A Different Kind of Hunger

Are you one of the millions of people today who struggle continuously to make their bodies conform to what they “should” look like? Is eating, or weight, a problem for you? It is for so many people, that I think it’s time we took a look at the problem on a different level to the individual one.

It’s all too easy to blame a problem on the people who are suffering it. On the other hand, when you are suffering it, it’s also easy to blame it on things outside your control. I personally believe the answer lies somewhere in the middle, and that the best solution lies in combining both – taking responsibility for ourselves and being aware of the bigger issues that contribute. Ignorance is anything but bliss in this case.

If you’re wondering what I’m going on about, it’s this.
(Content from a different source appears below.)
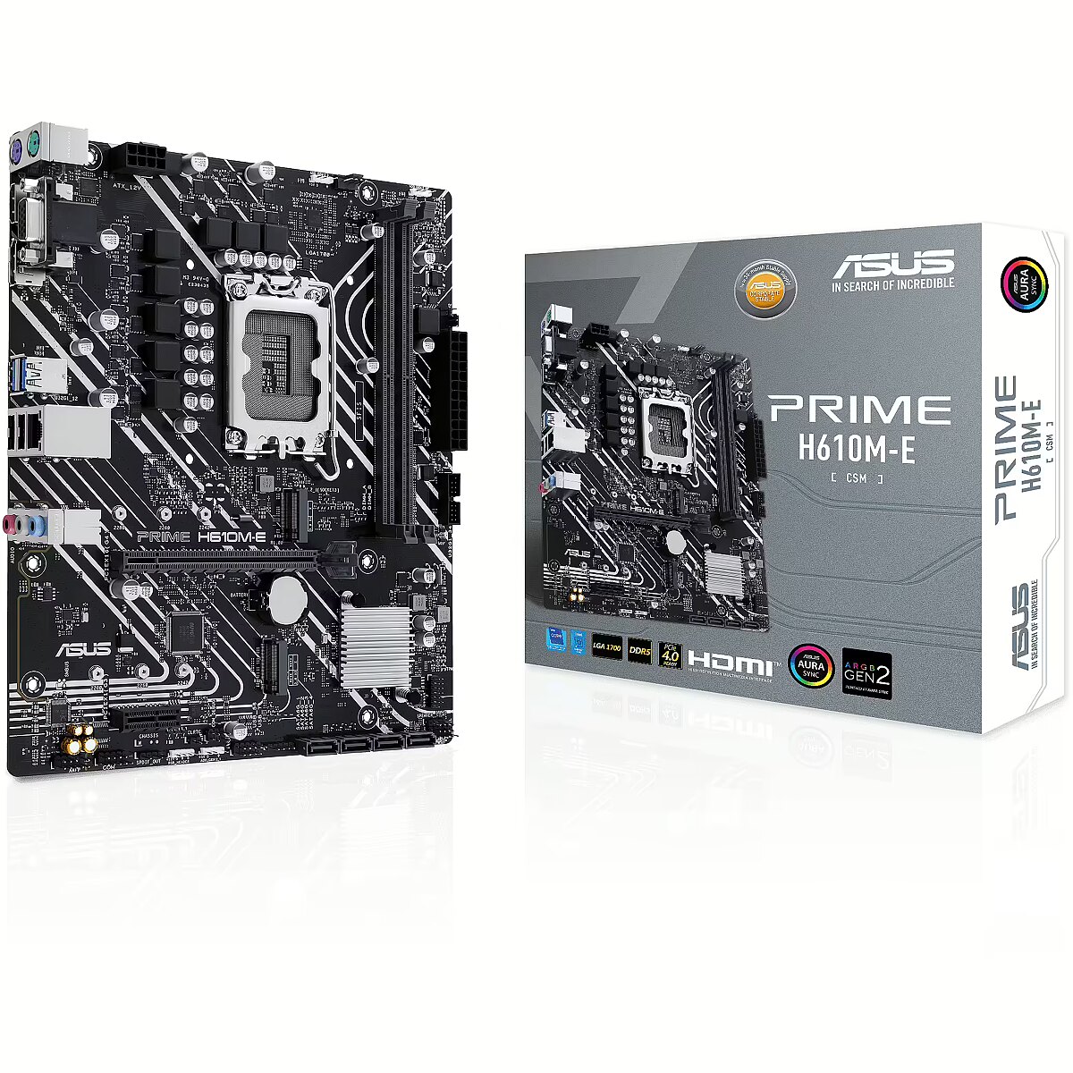LongDesc - ASUS Prime series motherboards are expertly engineered to unleash the full potential of 13th & 12th Generation Intel® processors. Boasting a robust power design, comprehensive cooling solutions and intelligent tuning options, Prime H610 provides users and PC DIY builders a range of performance tuning options via intuitive software and firmware features.ASUS Corporate Stable ModelASUS Corporate Stable Model (CSM) is a commercial program designed to provide stable and reliable motherboards. Offering up to 36-month product lifecycle support and 6-month end-of-life notice to allow sufficient lead times for your organization to get ready for product transitions. Each purchase of an ASUS CSM motherboard comes with ASUS Control Center Express - server-grade IT management software.* Lifecycle support, program offering and supply status may vary by region. Please consult your local sales representative for more information.ASUS ControlCenter ExpressASUS Control Center Express is an integrated IT monitoring and management software designed to deploy faster, simplify IT operations and improve productivity with comprehensive control and user-friendly functions. ASUS Control Center Express is compatible with over 100 ASUS motherboards to provide a high-quality, TCO-optimized solution for your business needs.Optimize IT endpoint managementDesigned to assist IT staff in monitoring and controlling devices within their corporate networks, and facilitate inventory checking in multiple locations remotelyAutomate IT maintenanceAllows IT staff to schedule automatic updates of the latest BIOS, software and utilities to specific or all devices at off-peak times, enhancing system stability and IT operational flexibilitySecurely manage all of endpointsSecurely manage endpoint configuration, portable storage access and PC software applications by enabling them to create grouping rules on individual devicesFLEXIBILITYComprehensive controls form the foundation of the ASUS Prime series. The Prime H610 motherboard packs flexible tools to tune every aspect of your system, enabling performance tweaks to perfectly match the way you work to maximize productivity.Intelligent ControlAll-Around Energy EfficiencyThe Energy Processing Unit (EPU) automatically optimizes power consumption and maximizes energy savings with Away mode — a smart setting that creates an extreme energy-saving scenario by shutting down unused I/O controllers.Flexible cooling controlsPrime 600 Series motherboards offer comprehensive control over system fans, via the included Fan Xpert 2+ software. Auto-Tuning mode intelligently configures all parameters with a single click.Precise Digital Power ControlThe Digi+ voltage-regulator module (VRM) delivers real-time control over voltage droop, automatically switching frequency and power-efficiency settings. It also allows you to fine-tune your CPU for ultimate stability and performance.* Specifications vary by modelsUEFI BIOSThe renowned ASUS UEFI BIOS provides everything you need to configure, tweak and tune your system. It offers intelligently simplified options for PC DIY beginners, as well as comprehensive features for seasoned veterans.Advanced Tuning for Serious TweakersAn intuitive Advanced mode offered via the UEFI lets you take complete control. A built-in search feature makes it easy to find options, and various advanced functions let you intelligently make nuanced adjustments so you can dial in performance just the way you want.Search FunctionQuickly and easily find the option or setting you need.ASUS User ProfilePort configuration settings between different BIOS versions or share them with friends.Quick and Simple SetupEZ mode displays vital settings and stats and also offers guided wizards, drag-and-drop functionality, and one-click application of important settings — all to help you get your rig up and running in no time.Intuitive Graphical Fan ControlFine-tune individual fan settings simply by dragging a curve with the mouse.EZ XMPImprove DRAM performance with one click.Aura On/Off Mode (Stealth)Easily enable or disable Aura RGB lighting or every onboard LED, for a subdued aesthetic touch.COOLINGCooler by DesignPrime H610 series feature comprehensive cooling controls that are configurable via Fan Xpert 2+ software or via the UEFI BIOS.Multiple Temperature SourcesEach header can dynamically reference three thermal sensors. Fan Xpert 2+ allows you to map the temperature of supported ASUS graphics cards to optimize cooling for GPU- and CPU-intensive tasks.Smart ProtectionA dedicated integrated circuit protects each fan header from overheating and overcurrent.4-Pin PWM/DC FanEach onboard header supports auto-detection of PWM or DC fans.PERFORMANCEPrime H610 series are built to handle the additional cores and increased bandwidth of 13th & 12th Generation Intel® processors. ASUS H610 motherboards provide all the fundamentals to boost daily productivity, so your system will be ready for action with stable power, intuitive cooling and flexible transfer options.StorageDual M.2 slots (up to 32 Gbps)PRIME H610M-E-CSM offers two M.2 slots that support data-transfer speeds of up to 32 Gbps via PCIe 3.0, enabling quicker boot-up and app load times with OS or application drives.* Actual transmission speeds will be lower than the theoretical maximum speed.ConnectivityPCIe® 4.0Prime H610 motherboards are designed specifically for 13th & 12th Generation Intel® Core™ CPUs and offer PCIe® 4.0 connectivity for the latest GPUs. The wide bandwidth and superfast transmission speeds allow you to create feature-rich builds that can handle high loads effortlessly.USB 3.2 Gen 1 Type-ANumerous USB ports support high-end rigs loaded with peripherals, including rear-panel USB Type-A connectors with fast USB 3.2 Gen 1 connectivity for compatible cases.AudioCombined onboard features deliver elevated audioIntelligent design and premium hardware create audio quality unlike anything you’ve ever experience

I firmly believe that the increasing weight problems of the western world are not just a question of a whole lot of individual people doing the wrong things. I believe that it’s symptomatic of something that we’re all missing in our lives today – and looking to replace. Unfortunately, when it’s replaced with something addictive like food, drugs, smoking or alcohol, these cause even more problems than the ones we were looking to fix in the first place.

I have spent my life fighting weight issues. The more people told me I had to do something, the worse I felt about it, and – not surprisingly – the worse it got. The more I felt down on myself for being like that, again, the worse it got. I looked back recently on some photos of myself in high school, by which time I had been well and truly convinced I was fat, and was surprised to realise I had not been very big at all. It was nothing to worry about – back then.

By worrying about it, it’s now become a much bigger issue (pardon the pun) – and that’s where all the well meaning comments and constant bombardment of messages, by media, friends and family, can go horribly astray, blowing a minor problem into a major one.

Recently, as you may be aware, I started working on my dream of giving workshops and talks on self-esteem, having finally come to the point where I felt I had learned enough on my own journey to have something real to offer others. I never expected the side benefits I got from that. On the days when I’m caught up in creating or doing work along those lines – I have no interest in food whatsoever.

It’s a huge contrast with the days when I’m busy doing things I’ve “got” to do, that I don’t really like doing. Those days I need to go for the “substance” of food to sustain me, but when I’m chasing my dream, my passion, it’s like I’m feeding off something totally different…a life energy and enthusiasm that wasn’t there before.

I honestly walk around feeling full all day, even if I’ve not touched a thing! The energy just flows, and I’ve come to realise that it was this kind of feeling that I’ve been chasing all these years with food. The feeling that I’m worthwhile, and have something to offer. A basic assumption, that we should ALL believe, but one which so few people really do. Is this why we’re all chasing the comfort of food?

Sure, an individual can take action and change their life habits to push themselves against the stream and get thin, give up smoking, drugs or alcohol. It happens all the time. From what I hear, though, it is a REAL uphill struggle. From the years when I was trying to do it myself, I know that’s true – and it always seemed to me that the harder I tried (the more I worked on myself to fix the problem, in other words) the worse it got. How about you?

Now, being aware of the things I’ve been looking for in food, and aware of the messages I’ve got from our general society, it’s a lot easier. In fact, it’s hardly even an effort – on those days when I’m fulfilling those needs. On the days when I try to conform to what I “should” be doing it gets hard, but then I have a day where I’m giving a talk, running a workshop, and it all flows again. I’ve been missing something and blaming myself for not having it.

Self-fulfilment.

Why aren’t we raised with the belief that we have something special to offer? Why don’t we grow up searching for what that is and finding ways to express it? Where do we get caught up in “gotta get a job,” “gotta make a lot of money,” and start trying to find self-worth in things we have or do? That’s not where our value lies. It’s a lie in itself.

When you discover that you are special, and start sharing that specialness with the world – that, I believe, is when you start healing that hole inside. The one you’ve been trying to fill up with food, money, alcohol, whatever. It’s perfectly right and natural that you should feel it, and want to fill it – just realise that it’s not something outside that does the trick, even if it feels like it should be. That hole is the part of you that wants to feel loved, needed and appreciated – and if you’re not given that automatically by virtue of just being you, then maybe it’s time we started looking at where our society goes wrong.

We all deserve love, appreciation and expression. Our world doesn’t give that to us at the moment, but we can create it for ourselves. You can start with your own life – start expressing who you are, believing in your own value – whatever it takes, and stop looking at the symptoms as if they were the disease. Learn to believe in yourself – appreciate the unique and individual gifts you have to offer the world, and start finding ways to express them. I sincerely hope that you, like me, will be surprised at the results!